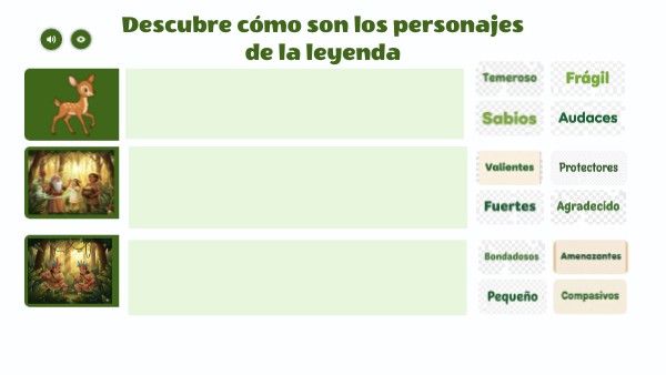 El venado es temeroso porque huye de los cazadores, frágil porque se lastima con facilidad y pequeño al compararse con la fuerza de los hombres; sin embargo, también es agradecido con los genios que lo ayudan. Los genios son sabios porque conocen los secretos de la naturaleza, bondadosos porque curan al venado, protectores porque lo esconden en su cueva y compasivos porque sienten su dolor y deciden regalarle un don. Por su parte, los cazadores son audaces al internarse en el bosque, valientes por enfrentarse a los desafíos de la selva, fuertes por su resistencia y amenazantes porque representan el peligro que persigue al venado.
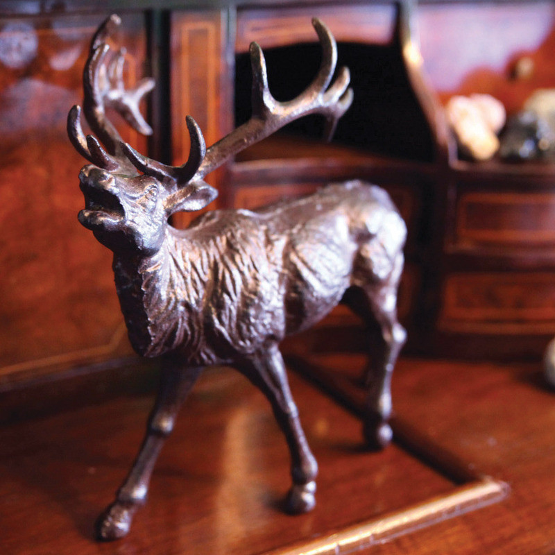 Kifinomult kidolgozású öntöttvas szarvas, amely pompás dekorációja lehet otthonunknak. Modern és vidékies stílusú házakban egyaránt exkluzív kiegészítő, kifejezetten ajánljuk a vadászat kedvelőinek. Külső és belső használatra is alkalmas, öntöttvas jellegéből adódóan kültéri elhelyezés esetén, a korrózió megjelenésével egy patinásabb, rusztikusabb termék válik belőle.
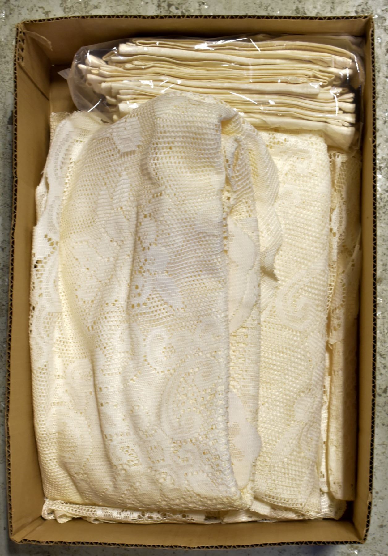 3 LACE TABLECLOTHS AND 12 CLOTH NAPKINS
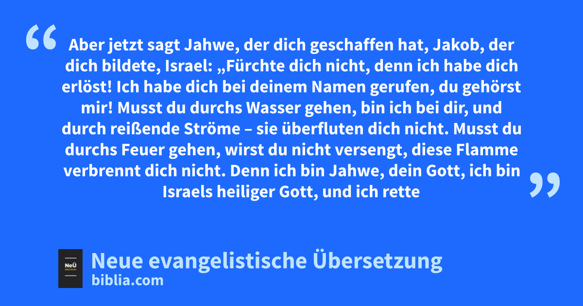 43 1 Aber jetzt sagt Jahwe, * der dich geschaffen hat, Jakob, * der dich bildete, Israel: * „Fürchte dich nicht, * denn ich habe dich erlöst! * Ich habe dich bei deinem Namen gerufen, * du gehörst mir! 2 Musst du durchs Wasser gehen, bin ich bei dir, * und durch reißende Ströme – sie überfluten dich nicht. * Musst du durchs Feuer gehen, * wirst du nicht versengt, * diese Flamme verbrennt dich nicht. 3 Denn ich bin Jahwe, dein Gott, * ich bin Israels heiliger Gott, * und ich rette dich! * Ägypten gebe ich als Lösegeld für dich, * Nubien und Seba1 noch dazu. 4 Weil du mir wert und teuer bist, * weil ich dich liebe, gebe ich Menschen an deiner Stelle hin, * ganze Völker für dein Leben. 5 Fürchte dich nicht, denn ich bin bei dir! * Von dort, wo die Sonne aufgeht, * hole ich deine Nachkommen zurück, * und von dort, wo sie untergeht, * sammle ich euch wieder ein. 6 Zum Norden sage ich: ‚Gib sie heraus!‘ * und zum Süden: ‚Halte sie nicht zurück!‘ * Lass kommen meine Söhne von fern * und meine Töchter vom Ende der Welt, 7 jeden, der mein Eigentum ist, * den ich zu meiner Ehre erschuf, * den ich formte und machte!“
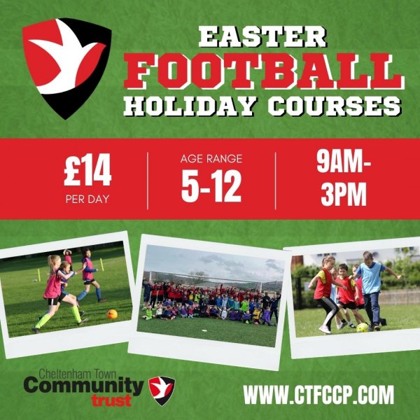 Looking for an exciting way to keep your child active over the school holidays? Cheltenham Town Community Trust’s football courses are back for Easter and May Half Term, with dedicated Girls Only sessions!
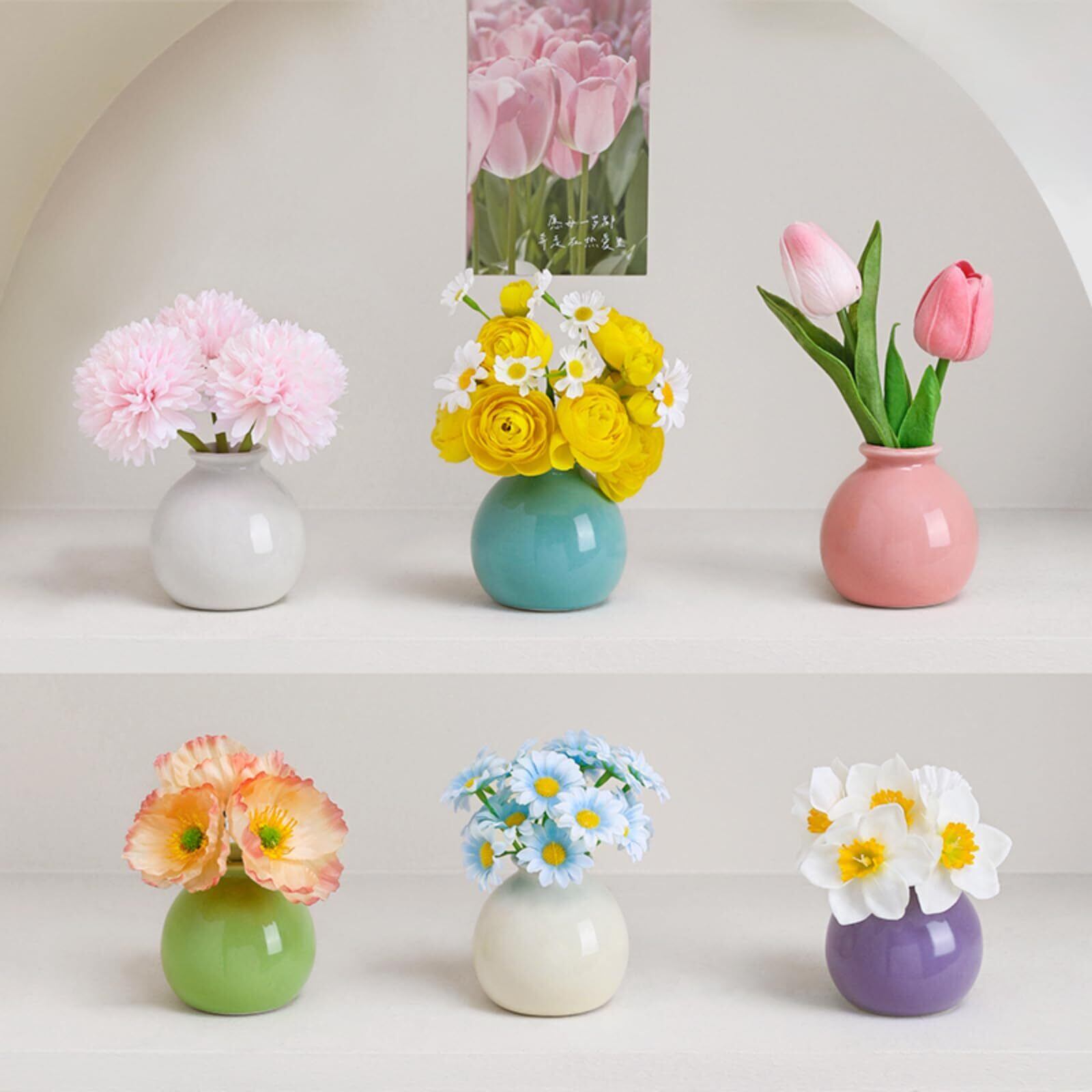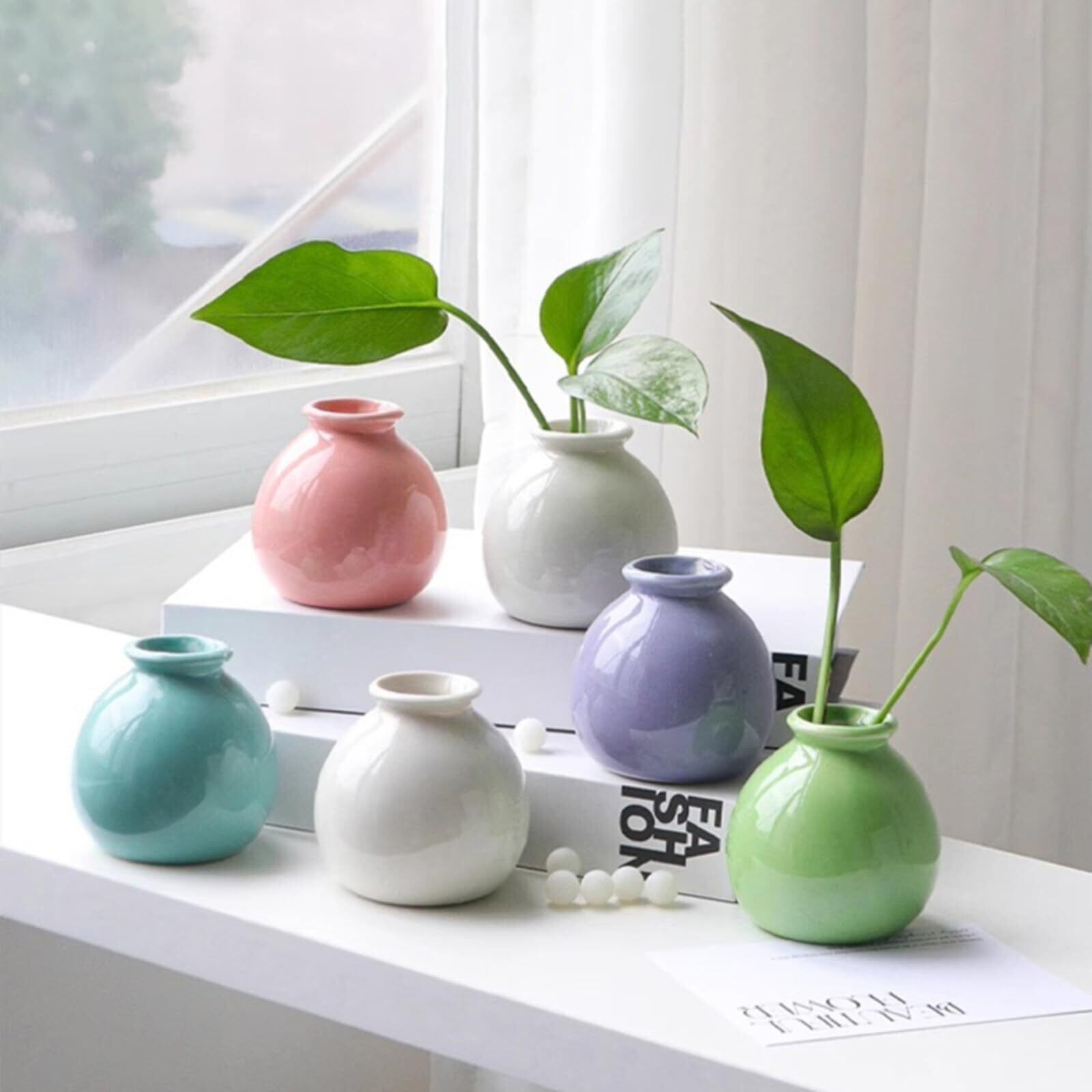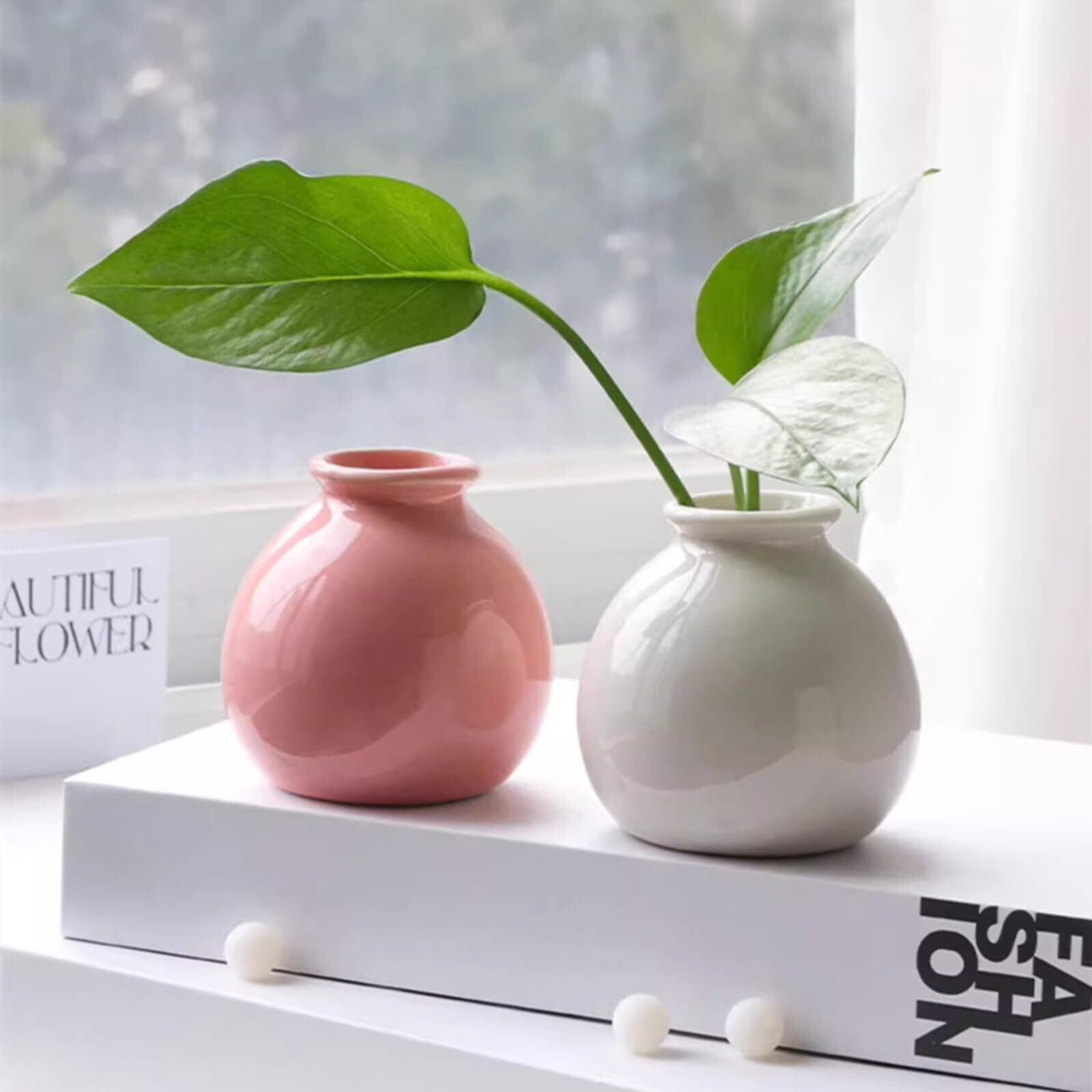 花瓶 陶器 ミニ花器 一輪挿し セラミック フラワーベース 和風 小さい かびん 北欧 セラミック 一輪挿し 手作り花瓶ホワイト ドライ花工芸品 オフィスホーム装飾 (白)

============

Only the lines from the one containing "43 1 Aber jetzt" through the final line of the records should be retyped, exactly, with every picture omitted.

Problem solution:
 43 1 Aber jetzt sagt Jahwe, * der dich geschaffen hat, Jakob, * der dich bildete, Israel: * „Fürchte dich nicht, * denn ich habe dich erlöst! * Ich habe dich bei deinem Namen gerufen, * du gehörst mir! 2 Musst du durchs Wasser gehen, bin ich bei dir, * und durch reißende Ströme – sie überfluten dich nicht. * Musst du durchs Feuer gehen, * wirst du nicht versengt, * diese Flamme verbrennt dich nicht. 3 Denn ich bin Jahwe, dein Gott, * ich bin Israels heiliger Gott, * und ich rette dich! * Ägypten gebe ich als Lösegeld für dich, * Nubien und Seba1 noch dazu. 4 Weil du mir wert und teuer bist, * weil ich dich liebe, gebe ich Menschen an deiner Stelle hin, * ganze Völker für dein Leben. 5 Fürchte dich nicht, denn ich bin bei dir! * Von dort, wo die Sonne aufgeht, * hole ich deine Nachkommen zurück, * und von dort, wo sie untergeht, * sammle ich euch wieder ein. 6 Zum Norden sage ich: ‚Gib sie heraus!‘ * und zum Süden: ‚Halte sie nicht zurück!‘ * Lass kommen meine Söhne von fern * und meine Töchter vom Ende der Welt, 7 jeden, der mein Eigentum ist, * den ich zu meiner Ehre erschuf, * den ich formte und machte!“
 Looking for an exciting way to keep your child active over the school holidays? Cheltenham Town Community Trust’s football courses are back for Easter and May Half Term, with dedicated Girls Only sessions!
 花瓶 陶器 ミニ花器 一輪挿し セラミック フラワーベース 和風 小さい かびん 北欧 セラミック 一輪挿し 手作り花瓶ホワイト ドライ花工芸品 オフィスホーム装飾 (白)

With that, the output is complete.